Our project team has developed a technological infrastructure where we represent, encode, store, and publicize knowledge about a significant number of historical artifacts in a way consistent with contemporary Semantic Web technology. This technology includes abstract representation of data compatible with the WWW and based on defined representation standards. The resulting repository for historical knowledge, supported by highly accessible knowledge acquisition and distribution tools, is a noteworthy educational resource for students and educators. The AKADS system and its related Semantic Web technologies show great promise for continued contributions to the field of education.  Over the next few years this system will be expanded and the technologies it uses will be advanced. 

 

7. Bibliography

 

 

  1. Berners-Lee T., Hendler, J., Lassila, O “The Semantic Web”, Scientific American, May 2001.

 

  1. Fensel, D., Hendler, J. Lieberman, H., and Wahlster, W. eds. Spinning The Semantic Web  Bringing the World Wide Web to its Full Potential , MIT Press Cambridge Massachusetts,London, England 2003.

 

  1. Keeling, H."Developing an Intelligent Educational Agent with Disciple ". In The International Journal of Artificial Intelligence in Education (IJAIED) Vol. 10.2 May, 1999.

 

  1. Keeling, H. "A Methodology for Building Intelligent Educational Agents", In Proceeding of the 9th International Conference on Artificial Intelligence in Education (AI-ED 99).
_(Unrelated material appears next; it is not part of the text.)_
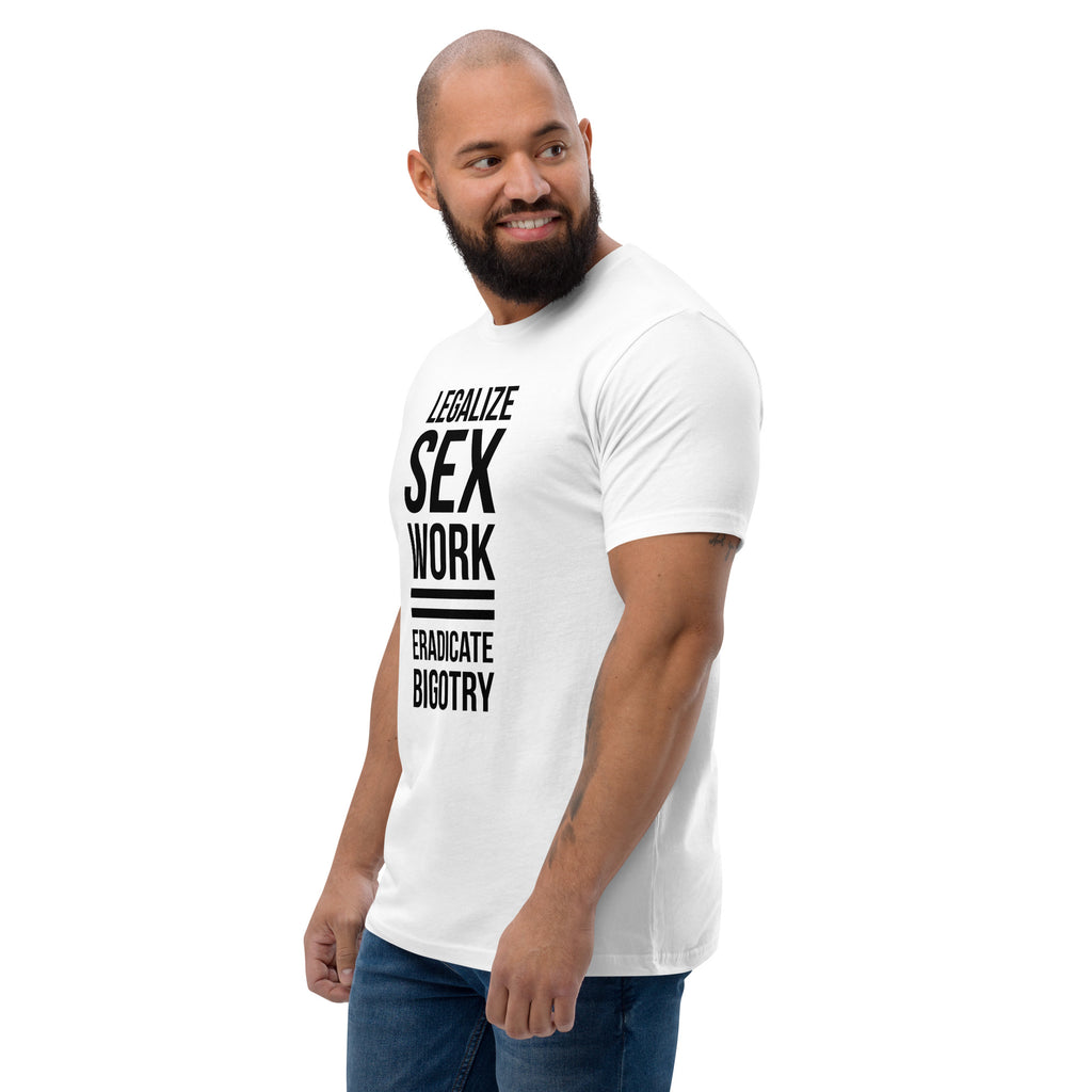 Ready to make history look this good? The Legalize Sex = Eradicate Bigotry fitted tee is here to hug your curves, flaunt your truth, and shout your politics without saying a word (okay, technically it says a lot—and we love that).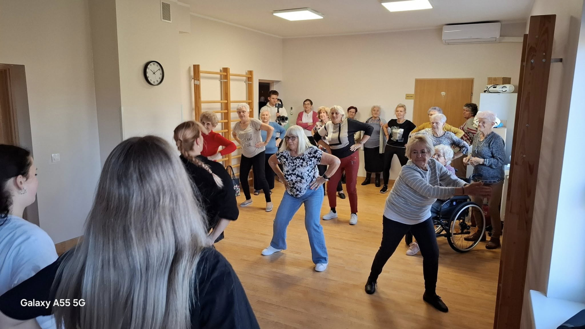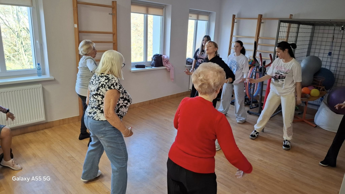 Tego samego dnia seniorki wzięły udział w energetycznych zajęciach zumby prowadzonych przez uczennice CKZiU w Zbąszynku. Młodzież porwała uczestniczki do tańca, zapewniając dużą dawkę ruchu, endorfin i świetnej zabawy.

Lemans, France, July 1999.

 

  1. Keeling, H. "Developing Intelligent Educational Agents with the Disciple Learning Agent Shell". In Proceeding of the 4th International Conference, ITS '98, San Antonio, Texas, Springer Verlag, Aug., 1998.

 

  1. Keeling, H. Contributing writer to "Building Intelligent Agents: An Apprenticeship Multistrategy Learning Theory, Methodology, Tool and Case Studies", Academic Press, 1998.

 

  1. McLemee, S. “Internet Studies 1.0: a Disciple is Born, The Chronicle of High Education, March 30, 2001, Washington, DC.

 

  1. Wolpers, M. “Towards P2P-based information systems for E-Leaning using semantic Web technologies”, In the proceedings on the First International Workshop on the Semantic Web for Web-based Learning, June 16-20, 2003 Klagenfurt/Velden, Austria.